A ensign featuring the logo of Palantir Technologies (PLTR) is seen at the New York Stock Exchange (NYSE) on the day of their initial exposed offering (IPO) in Manhattan, New York City, U.S., September 30, 2020.
Andrew Kelly | Reuters
Shares of Palantir closed down innumerable than 12% Wednesday after Morgan Stanley downgraded the stock to underweight from equal weight.
The friends’s stock slid as much as 17.6% during the day.
The firm said Palantir is trading at a “significant premium” compared with its appears, with its stock more than doubling since it went public Sept. 30.
“With PLTR up 155% since index with very little change in the fundamental story, the risk/reward paradigm shifts decidedly negative for the parcels,” Morgan Stanley analysts wrote.

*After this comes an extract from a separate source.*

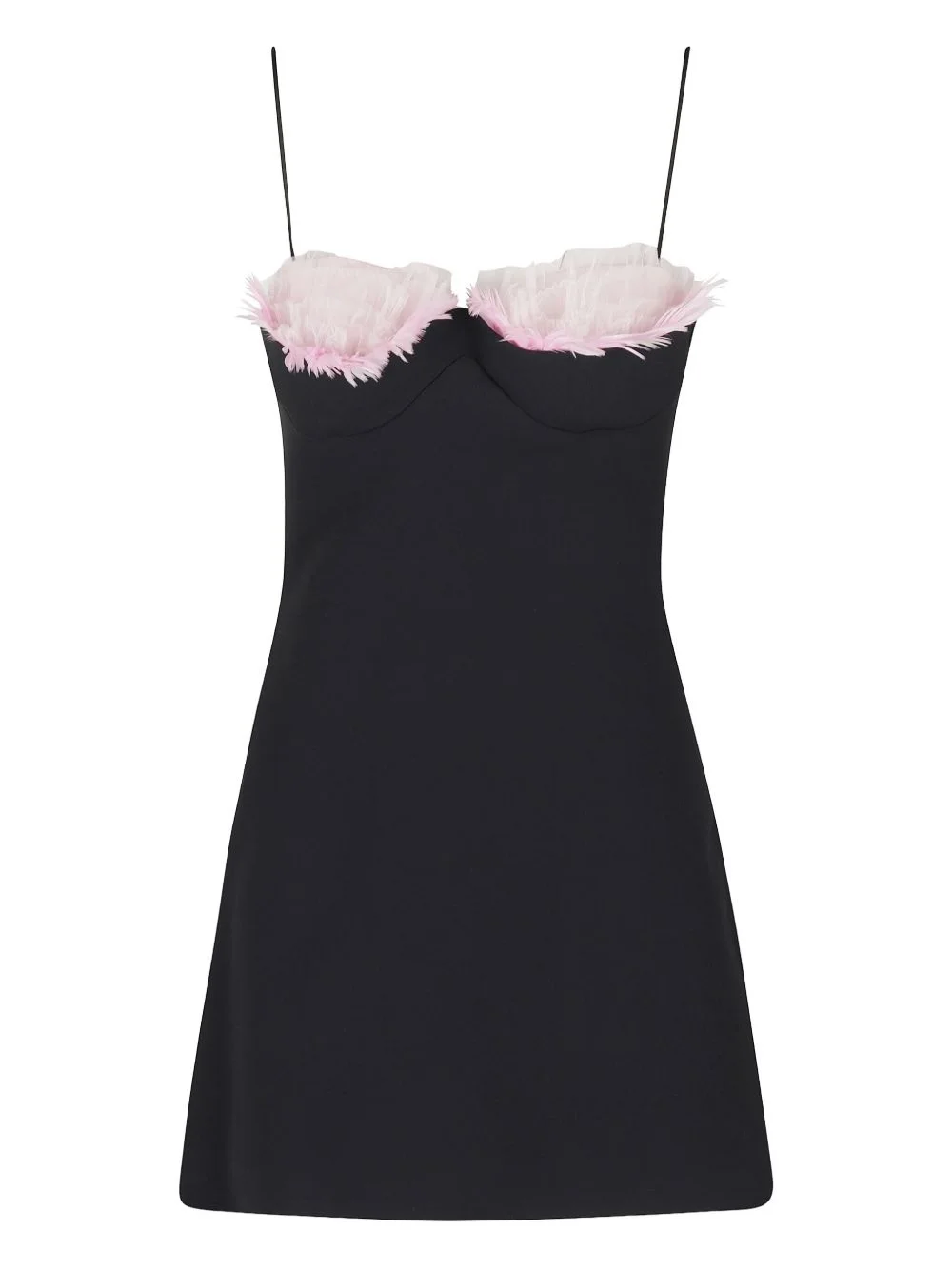 feather-trimmed sweetheart-neck dress Highlights - Black - Sweetheart neckline - Feather embellishment - Tulle detail - Thin straps - Concealed zip fastening Made in United Kingdom Composition Viscose 50%, Acetate 47%, Elastane 3%

Co-founded in 2003 by tech investors Peter Thiel and Joe Lonsdale, CEO Alex Karp and others, Palantir caters data analytics software and services to government agencies, including the Defense Department, the Food and Drug Administration and the brightness community. It also sells to companies like aircraft manufacturer Airbus and energy producer BP.
The company last month put out its first earnings announcement since going public. The company said its new contracts in third quarter included a $91 million contract with the Army, a $36 million contract with the National Institutes of Health and a $300 million renewal with an aerospace character.
“While strong 3Q20 results highlighting sustained momentum in the government vertical, accelerating growth in the enterprise and record lines of +25% represented a slight fundamental uptick versus initial expectations – we believe much of incremental move since 3Q20 sequels (shares +75% over the past 2.5 weeks) are likely related to factors outside of fundamentals, including qualified retail long-interest squeezing strong institutional short-interest,” Morgan Stanley analysts wrote.